A back and forth saga lasted for those last, tense, nail-biting 22 minutes, waiting to hear what happened with Dan (Aleah’s dad) and the Marriott.
And I swear to you—this is not added for dramatic effect, but the moment the bus parked at Victoria Station, we received a forwarded confirmation e-mail from Dan with the address and phone number of the room he’d booked for us (free of charge!) at the Marriott with the Marriott points he’d racked up from years of traveling with them.
Aleah and I disembarked from the bus with a home to go to. Unfortunately, though, it was on the other side of the city, so, with all our luggage in tow, we walked 2.5 miles across London—through a Rolling Stones concert in Hyde Park, past gypsies and their children soliciting us for funds we didn’t have on Edgware Road, past a film set we’d hoped was for the
Can you tell what these guys are filming?
gripping TV series Sherlock starring Benedict Cumberbatch and Martin Freeman, negotiating intersections with people driving on the wrong sides of cars driving on the wrong sides of the road.
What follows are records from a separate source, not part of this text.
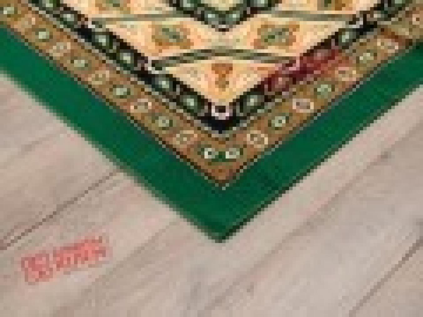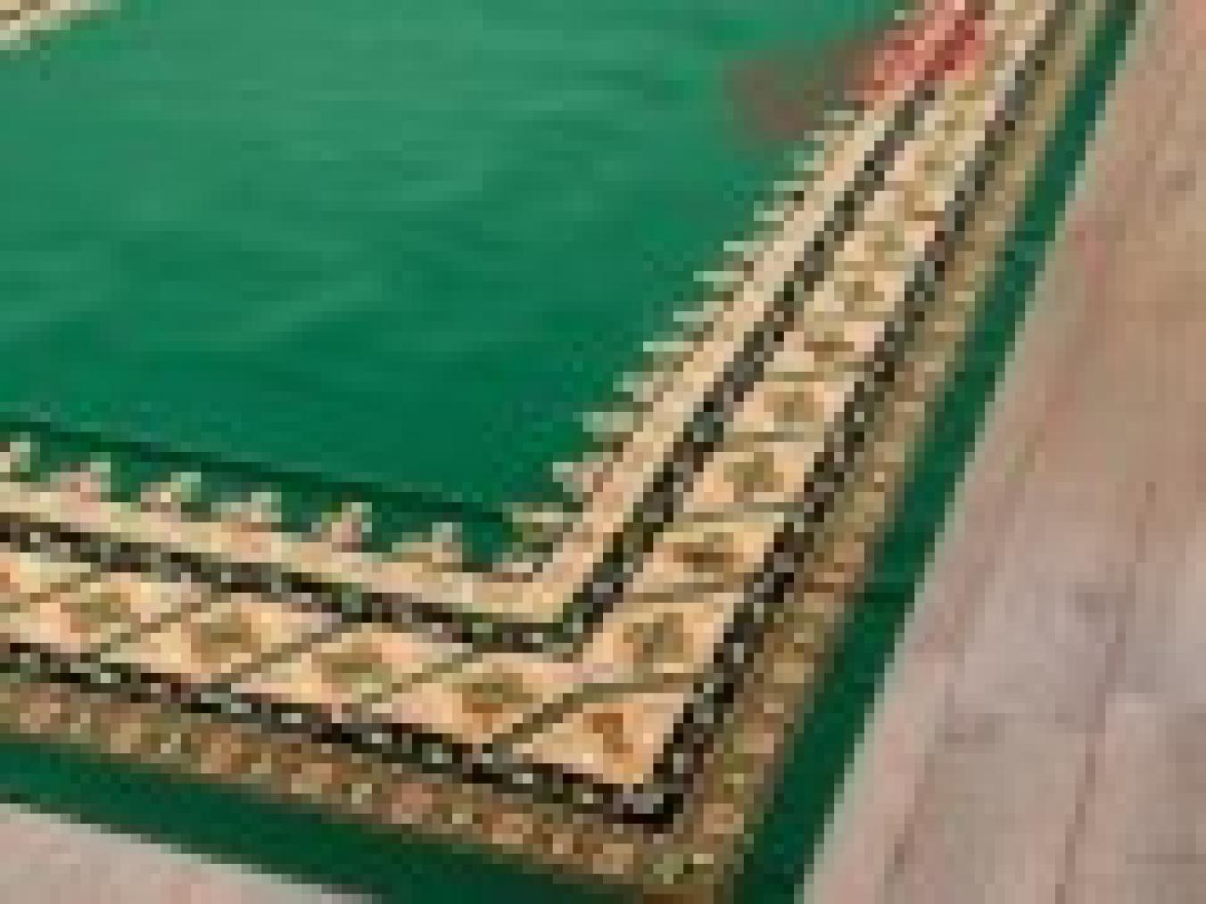 Невероятно изысканный ковер монгольского производства из коллекции «Чингис ковер». Основа полотна выполнена из смеси полиэстера, хлопка, джута. Ворс изготовлен из шерсти с добавлением полиамида. Плотность полотна составляет 340 тысяч узелков на квадратный метр. Длина ворса равна 8-9 мм. Ковер зеленого цвета с роскошным золотым обрамлением выполнен в классическом и административном стиле. Полотно идеально подходит для кабинетов руководителей, приемных, а также просторных прихожих.
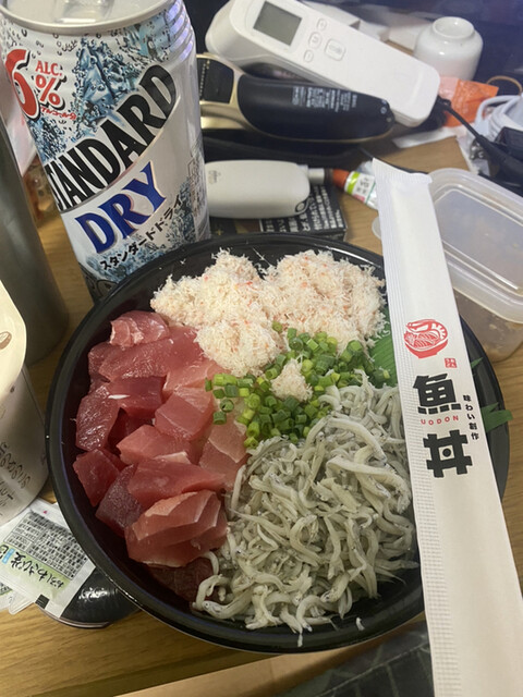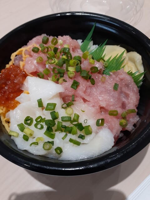 漬けまぐろねぎとろ丼とバラあられ丼。
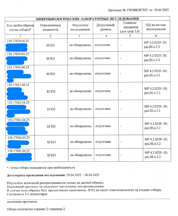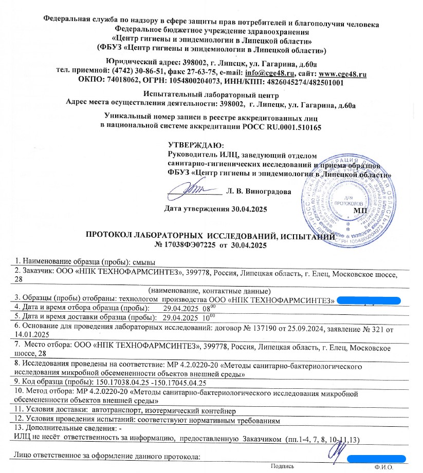 Сегодня наша компания получила результаты экспертиз и лабораторных исследований смывов с производственного оборудования (от 30.04.2025 и 05.05.2025г.) из Федерального бюджетного учреждения здравоохранения «Центр Гигиены и эпидемиологии в Липецкой области» (г. Липецк). Как и всегда, результаты показали абсолютное соответствие всем установленным нормам и стандартам!
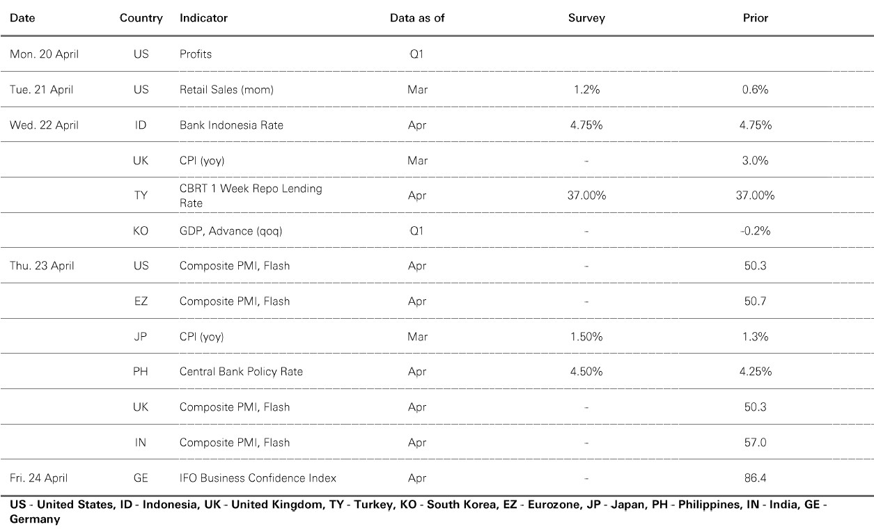 The value of investments and any income from them can go down as well as up and investors may not get back the amount originally invested. Past performance does not predict future returns. The level of yield is not guaranteed and may rise or fall in the future. Past performance does not predict future returns. For informational purposes only and should not be construed as a recommendation to invest in the specific country, product, strategy, sector, or security. Diversification does not ensure a profit or protect against loss. Any views expressed were held at the time of preparation and are subject to change without notice. Any forecast, projection or target where provided is indicative only and is not guaranteed in any way. You cannot invest directly in an index. Source: HSBC Asset Management, Factset, Bloomberg, Macrobond. Data as at 7.30am UK time 17 April 2026.

Finally, though, we reached the check-in desk at the London Marriott Hotel in Grosvernor Square. A much better sleeping option than an overnight chair on the Tube Train. And, a much better life precedent than an evening spent homeless in London. At least now, I don’t have to worry about any of the chapters of my life’s story being titled, “EMILIA WALKS TO LONDON. SHE ENCOUNTERS ON THE ROAD A STRANGE SORTOF YOUNG GENTLEMAN,” or “EMILIA BECOMES BETTER ACQUAINTED WITH THE CHARACTERS OF HER NEW ASSOCIATES; AND PURCHASES EXPERIENCE AT A HIGH PRICE. BEING A SHORT, BUT VERY IMPORTANT CHAPTER, IN THIS HISTORY.”